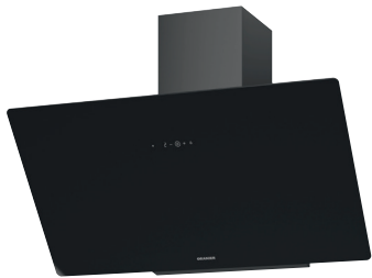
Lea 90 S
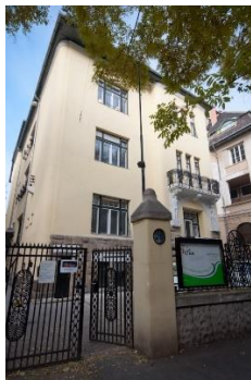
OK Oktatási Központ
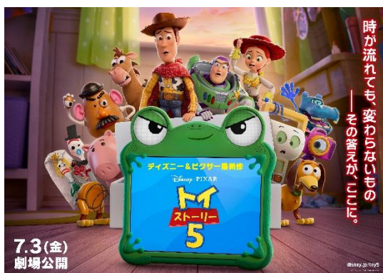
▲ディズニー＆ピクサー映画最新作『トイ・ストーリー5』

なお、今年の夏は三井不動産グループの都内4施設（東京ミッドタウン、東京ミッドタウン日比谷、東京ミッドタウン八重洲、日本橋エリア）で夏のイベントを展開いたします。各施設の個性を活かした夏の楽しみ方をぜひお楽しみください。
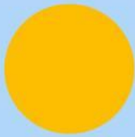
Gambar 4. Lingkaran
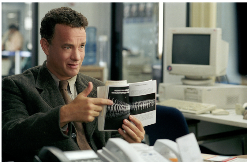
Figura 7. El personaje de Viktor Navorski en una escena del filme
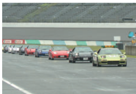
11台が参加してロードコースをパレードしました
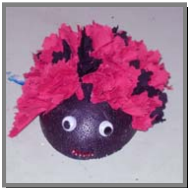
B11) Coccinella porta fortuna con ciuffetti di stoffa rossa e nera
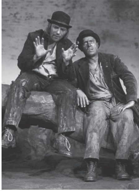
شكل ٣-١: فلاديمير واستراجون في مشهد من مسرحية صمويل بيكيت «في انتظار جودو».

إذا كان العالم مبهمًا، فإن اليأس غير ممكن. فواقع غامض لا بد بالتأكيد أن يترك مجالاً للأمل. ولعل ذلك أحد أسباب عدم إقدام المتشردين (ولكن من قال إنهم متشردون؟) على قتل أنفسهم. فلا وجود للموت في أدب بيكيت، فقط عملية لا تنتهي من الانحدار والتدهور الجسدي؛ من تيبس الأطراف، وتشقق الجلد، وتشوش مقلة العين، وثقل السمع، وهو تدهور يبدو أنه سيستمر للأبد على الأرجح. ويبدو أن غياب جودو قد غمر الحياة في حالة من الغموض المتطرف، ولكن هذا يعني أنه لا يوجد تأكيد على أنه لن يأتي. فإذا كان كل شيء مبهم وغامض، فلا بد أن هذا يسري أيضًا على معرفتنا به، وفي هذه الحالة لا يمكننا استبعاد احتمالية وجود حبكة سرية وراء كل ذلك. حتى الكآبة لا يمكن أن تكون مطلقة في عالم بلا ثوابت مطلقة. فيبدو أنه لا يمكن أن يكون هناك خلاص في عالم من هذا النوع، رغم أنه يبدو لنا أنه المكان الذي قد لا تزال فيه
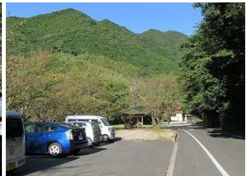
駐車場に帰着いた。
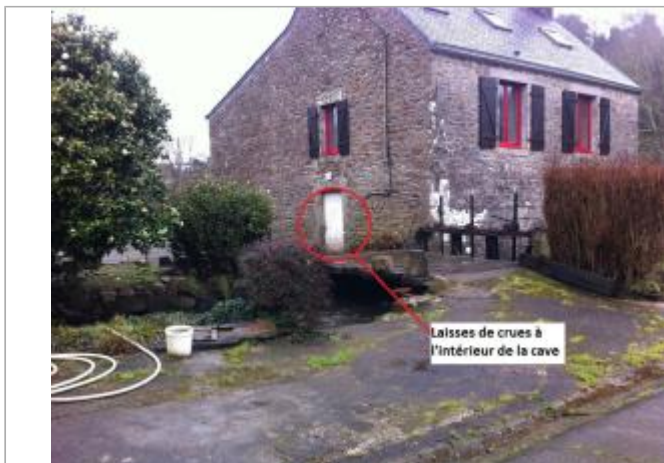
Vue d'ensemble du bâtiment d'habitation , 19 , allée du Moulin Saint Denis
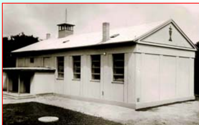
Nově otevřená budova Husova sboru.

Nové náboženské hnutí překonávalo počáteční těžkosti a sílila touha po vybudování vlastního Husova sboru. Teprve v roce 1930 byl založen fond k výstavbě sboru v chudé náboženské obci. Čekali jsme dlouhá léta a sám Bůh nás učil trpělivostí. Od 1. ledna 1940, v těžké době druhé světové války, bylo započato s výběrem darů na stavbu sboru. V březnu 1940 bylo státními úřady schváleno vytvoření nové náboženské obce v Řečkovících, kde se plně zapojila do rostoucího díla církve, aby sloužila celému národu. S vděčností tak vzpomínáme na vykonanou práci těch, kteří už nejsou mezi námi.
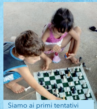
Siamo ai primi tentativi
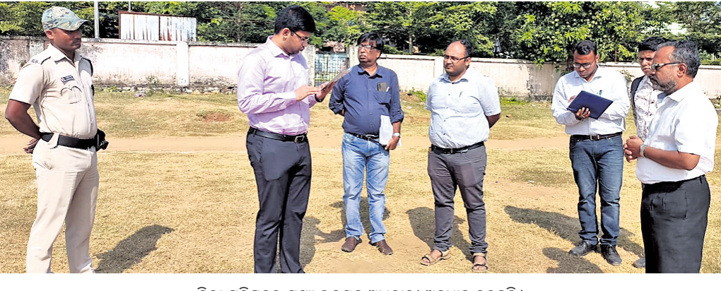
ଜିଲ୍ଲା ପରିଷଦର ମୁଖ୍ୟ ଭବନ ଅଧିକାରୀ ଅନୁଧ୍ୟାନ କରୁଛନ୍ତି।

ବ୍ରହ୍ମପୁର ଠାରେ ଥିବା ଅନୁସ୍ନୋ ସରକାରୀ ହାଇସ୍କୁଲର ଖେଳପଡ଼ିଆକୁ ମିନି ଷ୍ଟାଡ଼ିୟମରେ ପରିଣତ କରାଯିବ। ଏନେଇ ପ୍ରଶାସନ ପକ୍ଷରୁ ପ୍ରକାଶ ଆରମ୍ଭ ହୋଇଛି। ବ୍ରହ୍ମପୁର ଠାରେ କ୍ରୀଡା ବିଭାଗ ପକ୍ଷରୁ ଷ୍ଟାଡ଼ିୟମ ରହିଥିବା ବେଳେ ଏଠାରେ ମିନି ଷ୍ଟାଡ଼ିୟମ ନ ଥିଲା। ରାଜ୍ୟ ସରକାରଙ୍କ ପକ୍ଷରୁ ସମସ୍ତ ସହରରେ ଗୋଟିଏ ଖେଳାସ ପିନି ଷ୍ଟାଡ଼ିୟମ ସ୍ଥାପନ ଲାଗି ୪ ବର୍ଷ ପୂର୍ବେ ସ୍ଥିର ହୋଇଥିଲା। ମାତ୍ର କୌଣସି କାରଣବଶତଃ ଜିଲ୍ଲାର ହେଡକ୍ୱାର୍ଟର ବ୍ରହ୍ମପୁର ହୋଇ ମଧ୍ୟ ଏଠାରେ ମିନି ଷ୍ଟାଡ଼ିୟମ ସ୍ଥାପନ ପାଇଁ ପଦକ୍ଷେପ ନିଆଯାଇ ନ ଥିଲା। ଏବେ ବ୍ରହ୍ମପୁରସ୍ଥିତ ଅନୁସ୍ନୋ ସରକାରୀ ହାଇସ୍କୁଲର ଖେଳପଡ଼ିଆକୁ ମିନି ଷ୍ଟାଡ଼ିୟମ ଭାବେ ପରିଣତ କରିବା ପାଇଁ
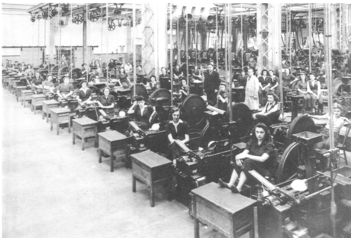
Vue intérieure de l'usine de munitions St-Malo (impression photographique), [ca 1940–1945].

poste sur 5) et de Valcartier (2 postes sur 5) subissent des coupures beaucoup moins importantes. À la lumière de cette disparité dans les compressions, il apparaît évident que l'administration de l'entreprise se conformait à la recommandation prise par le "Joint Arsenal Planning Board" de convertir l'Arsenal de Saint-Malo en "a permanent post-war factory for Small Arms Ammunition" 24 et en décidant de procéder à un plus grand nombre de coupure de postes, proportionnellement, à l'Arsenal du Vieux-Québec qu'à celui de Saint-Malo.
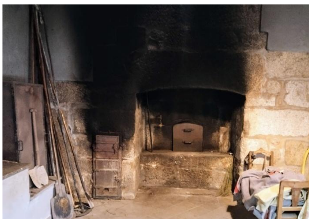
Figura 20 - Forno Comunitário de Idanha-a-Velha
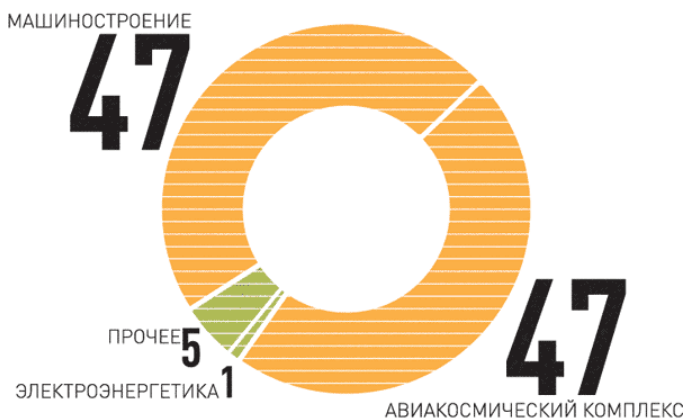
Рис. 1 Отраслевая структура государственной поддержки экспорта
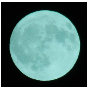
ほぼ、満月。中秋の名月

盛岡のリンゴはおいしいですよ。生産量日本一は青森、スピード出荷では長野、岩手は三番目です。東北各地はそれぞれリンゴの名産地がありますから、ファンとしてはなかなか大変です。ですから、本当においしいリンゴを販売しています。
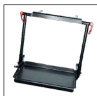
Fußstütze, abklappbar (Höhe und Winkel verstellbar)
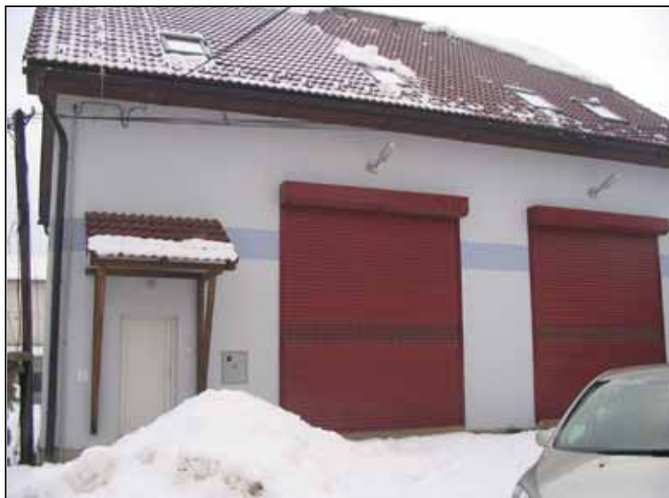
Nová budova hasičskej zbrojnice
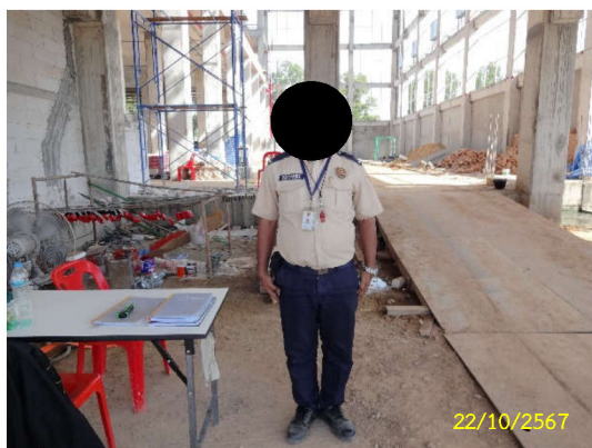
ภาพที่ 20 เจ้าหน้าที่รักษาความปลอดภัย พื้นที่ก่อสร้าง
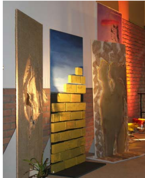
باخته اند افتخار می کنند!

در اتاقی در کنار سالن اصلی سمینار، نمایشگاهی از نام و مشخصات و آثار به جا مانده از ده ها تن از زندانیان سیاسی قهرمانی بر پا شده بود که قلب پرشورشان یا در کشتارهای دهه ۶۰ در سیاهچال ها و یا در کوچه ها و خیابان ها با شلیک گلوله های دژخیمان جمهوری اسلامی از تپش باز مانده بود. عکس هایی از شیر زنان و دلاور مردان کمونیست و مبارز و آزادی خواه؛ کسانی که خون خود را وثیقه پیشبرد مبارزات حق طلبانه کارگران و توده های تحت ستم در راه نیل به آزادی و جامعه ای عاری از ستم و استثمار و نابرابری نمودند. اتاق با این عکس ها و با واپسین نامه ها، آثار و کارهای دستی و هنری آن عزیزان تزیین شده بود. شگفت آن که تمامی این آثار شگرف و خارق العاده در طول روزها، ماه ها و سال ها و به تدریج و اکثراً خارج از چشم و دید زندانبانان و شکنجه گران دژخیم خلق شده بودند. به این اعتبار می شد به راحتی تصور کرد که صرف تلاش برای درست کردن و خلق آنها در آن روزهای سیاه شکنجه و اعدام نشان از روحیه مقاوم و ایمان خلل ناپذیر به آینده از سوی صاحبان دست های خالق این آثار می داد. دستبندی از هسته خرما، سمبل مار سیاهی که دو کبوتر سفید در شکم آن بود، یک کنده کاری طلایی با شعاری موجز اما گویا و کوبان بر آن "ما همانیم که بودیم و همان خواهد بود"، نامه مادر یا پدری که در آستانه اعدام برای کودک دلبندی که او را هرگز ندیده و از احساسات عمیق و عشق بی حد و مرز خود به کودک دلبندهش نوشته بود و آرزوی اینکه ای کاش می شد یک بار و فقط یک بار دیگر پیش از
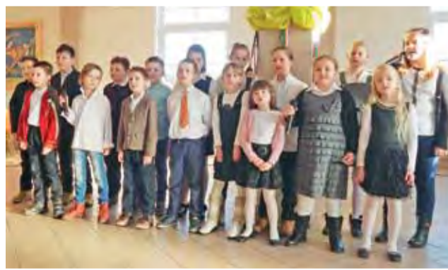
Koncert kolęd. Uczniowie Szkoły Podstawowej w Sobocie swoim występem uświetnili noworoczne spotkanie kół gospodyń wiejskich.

---*---

*TASK:*
I'd like the lines above repeated exactly, from the one that contains "Figura 20 - Forno" through the one that contains "Nová budova hasičskej zbrojnice", with no pictures.

*PROBLEM SOLUTION:*
Figura 20 - Forno Comunitário de Idanha-a-Velha
Рис. 1 Отраслевая структура государственной поддержки экспорта
ほぼ、満月。中秋の名月

盛岡のリンゴはおいしいですよ。生産量日本一は青森、スピード出荷では長野、岩手は三番目です。東北各地はそれぞれリンゴの名産地がありますから、ファンとしてはなかなか大変です。ですから、本当においしいリンゴを販売しています。
Fußstütze, abklappbar (Höhe und Winkel verstellbar)
Nová budova hasičskej zbrojnice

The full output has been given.